Когда мы с инженером Сариевым направились с базы геологоразведчиков к аэродрому, чтобы лететь на буровые, на улице один знакомый, завидев нас издали, стал спиной
На летном поле, к моему удивлению, снаряжение и оборудование уже перегружали из самолета Ан-2 в вертолет, вертолетам ветер создает меньше помех при взлетах и посадках. Так что у меня не осталось сомнений, летим!
Степь внизу в серых, коричневатых, белесых разводьях. Это соль, ил со дна моря. Понижения были исчерчены старыми руслами, которые, подобно прожилкам листа, сходились к одному корню. Как всякая земля, Мангышлак с воздуха имел вид живого организма. Он был покрыт морщинами, живыми и усохшими. На горизонте стояло горячее пыльное марево. После степи поплыла серая земля почти без складок. Это был сор Мертвый Култук.
«Сор» в переводе означает «мертвая земля». Соры — это дно отступившего моря, на них долгое время ничего не растет, на сор не заходят звери, над ним не летают птицы. Вскоре вертолет сделал посадку на одной из буровых, выгрузился и, не задерживаясь, полетел назад. Вышка стояла на матово-серой, ровной от горизонта до горизонта земле, резко прочерчивалась на фоне неба. Немного в стороне от нее сгрудились в кучу обшитые алюминием вагончики, мерцали матовым серебром. Над головой плыли слоистые сероватые облака, сквозь которые падал ослепительно белый, застывший солнечный свет. Пейзаж вокруг казался инопланетным.

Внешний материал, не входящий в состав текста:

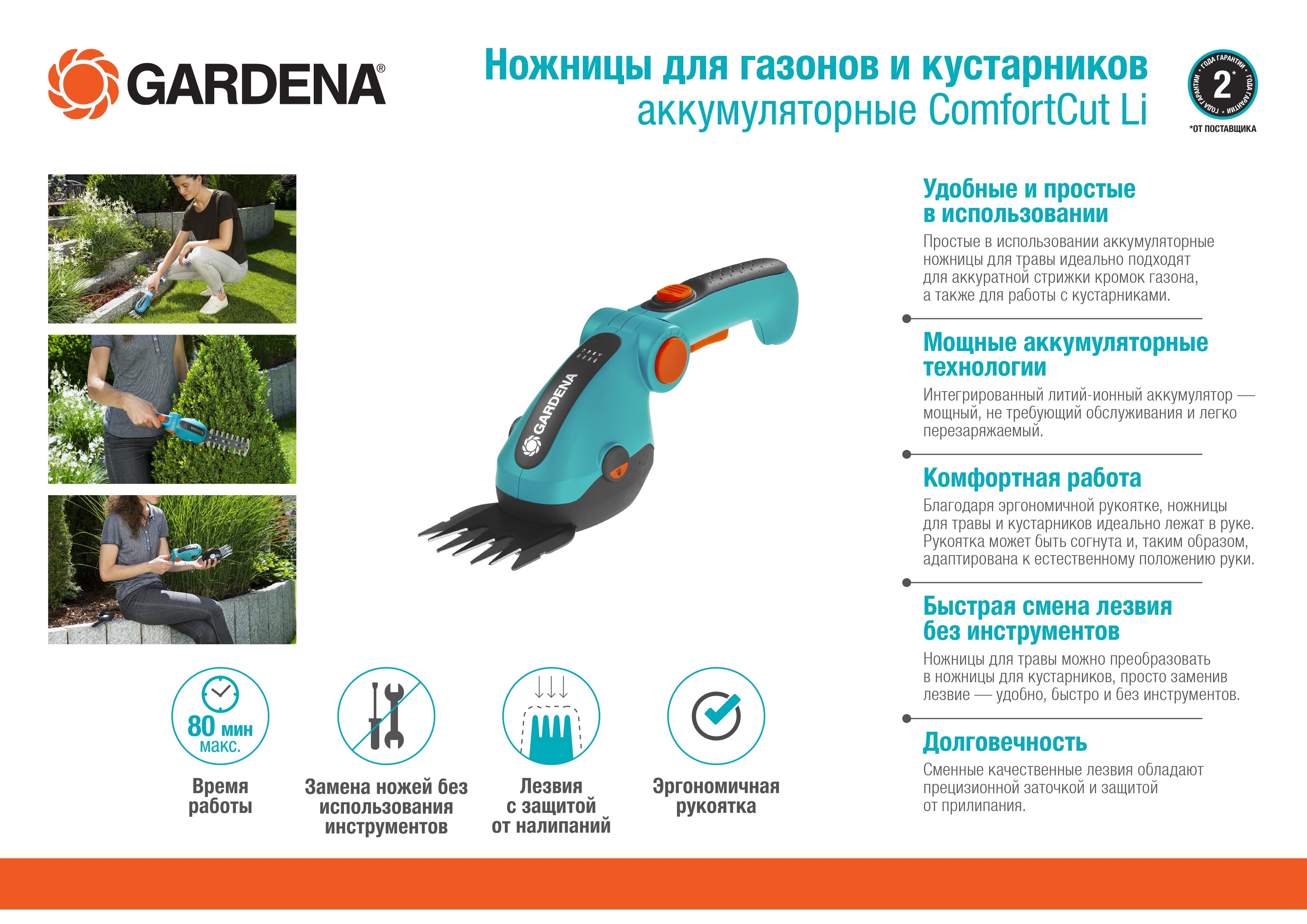 Ножницы аккумуляторные Gardena ComfortCut Li 09857-20.000.00 информация:

Часть доставленного на буровую оборудования погрузили в гусеничный вездеход, и мы продолжили наш путь. Сариев спешил. Под гусеницами плотный грунт постепенно перешел в «пухляк» с редкими кустиками степной растительности. Водитель вездехода выбирал дорогу в стороне от старой колеи — там гусеницы глубоко вязли в мелкой пыли. Пухляк оправдывал свое название — мы ехали словно по перине: машина мягко колыхалась...
Бригада монтажников, до которой мы с Сариевым добрались, расположилась на границе сора и степи. За вагончиками, где начиналась живая степь, невдалеке была видна наполовину смонтированная вышка.
Навстречу нам вышел, приветливо улыбаясь, человек. Грудь его, шея в распахнутом вороте рубашки и лицо были багрового цвета, темные курчавые волосы серебрились сединой, а на крупном носу шелушилась обгоревшая кожа. От его живых темных глаз во все стороны расходились мелкие морщинки. Прораб Тажудин Нурудинов, произнося слова приветствия, широко развел руками, словно собирался заключить нас в объятья. В степи всегда рады гостям, к тому же Сариева ждали, но не надеялись, что он доберется по такой погоде. Детали, доставленные им, сразу же пошли на укрепление уже собранной части конструкции вышки. Степь постепенно заволакивало черной пеленой...
Тажудин поливал нам из ковшика и, пока мы умывались, весело рассказывал, как дела в бригаде. Потом повел ужинать.
Рядом с вагончиком-столовой сидела повариха и кормила из бутылки с соской маленького джейраненка. Он еще с трудом стоял на длинных полусогнутых ножках. Огромные черные глаза доверчиво смотрели на людей.
— Нашли в степи, — говорил Тажудин. — Отец вокруг него бегает. Шофер издали увидел, говорит — что-то случилось.
— Отец — это козел-джейран, — поясняет мне Сариев. Его забавляет рассказ Нурудинова; сохраняя на лице невозмутимое выражение, он слегка добродушно усмехается. Тажудин из Дагестана, Сариев родился в казахской степи. Они давно знают друг друга Друзья.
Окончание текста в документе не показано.